We can notice from the loss value getting printed after each epoch that our model seems to be improving after each epoch. The last train and validation loss are around 1.4 which indicates that our rating predictions are generally off by 1.4 from the actual rating which is near to the actual rating for the majority of samples.
Later on, we'll try more models to bring down this gap further low (below 1.4).
seed = jax.random.PRNGKey(0)
epochs=10
batch_size = 10000
learning_rate=0.001
rec_system = SimpleRecSystem()
params = rec_system.init(seed, jax.random.randint(seed, (100, 2), minval=1, maxval=20))

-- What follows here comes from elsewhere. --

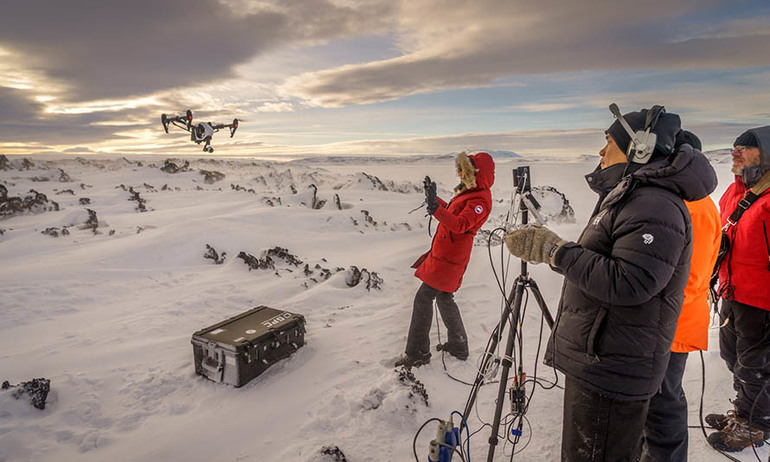 这次任务并非单纯的视觉奇观展示,而是一次对当时消费级无人机极限性能的压力测试。参与行动的包括 ABC 电视台《早安美国》栏目组首席气象学家 Ginger Zee、冰岛地球物理专家组,以及大疆的 Eric Cheng 和 Ferdinand Wolf。在人类被禁止进入的危险区域,Inspire 1 成为了唯一的数据获取工具。

optimizer = optax.adam(learning_rate=learning_rate) ## Initialize Adam Optimizer
optimizer_state = optimizer.init(params)
final_params = TrainModel(X_train, Y_train, X_test, Y_test, epochs, params, optimizer_state, batch_size)
gc.collect()
In this section, we are using our trained model to make a prediction of ratings for existing user id. We have designed a function for this. The function randomly selects one user id. It then makes predictions for items that are reviewed by this user id using our trained model. We have then merged actual rating and predicted rating in a single dataframe along with other detail which can be helpful. We have also included logic that converts float ratings to integer classes. We'll be reusing this function in our upcoming sections when we try different models.
import math
def make_predictions(rng, rec_system, final_params):
user_id = rng.choice(more_review_users, size=1)[0]

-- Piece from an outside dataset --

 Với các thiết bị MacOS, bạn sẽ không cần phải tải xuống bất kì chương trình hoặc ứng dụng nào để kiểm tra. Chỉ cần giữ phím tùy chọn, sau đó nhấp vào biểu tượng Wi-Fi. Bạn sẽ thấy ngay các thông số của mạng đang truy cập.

cols_of_interest = ["user_id","anime_id","user_rating","name","genre","type","episodes","average_anime_rating","members"]
user_data = ratings_df[ratings_df["user_id"] == user_id][cols_of_interest]
preds = rec_system.apply(final_params, user_data[["user_id","anime_id"]].values)
preds = jnp.clip(preds,1, 10.5)
preds = np.array([math.ceil(pred) if (pred-int(pred)) > 0.5 else math.floor(pred) for pred in preds])
user_data["pred_rating"] = preds
cols_of_interest.insert(3, "pred_rating")
return user_data[cols_of_interest], user_id
rng = np.random.RandomState(1)
user_data, user_id = make_predictions(rng, rec_system, final_params)
user_data.sort_values(by=["user_rating"], ascending=False).head(15)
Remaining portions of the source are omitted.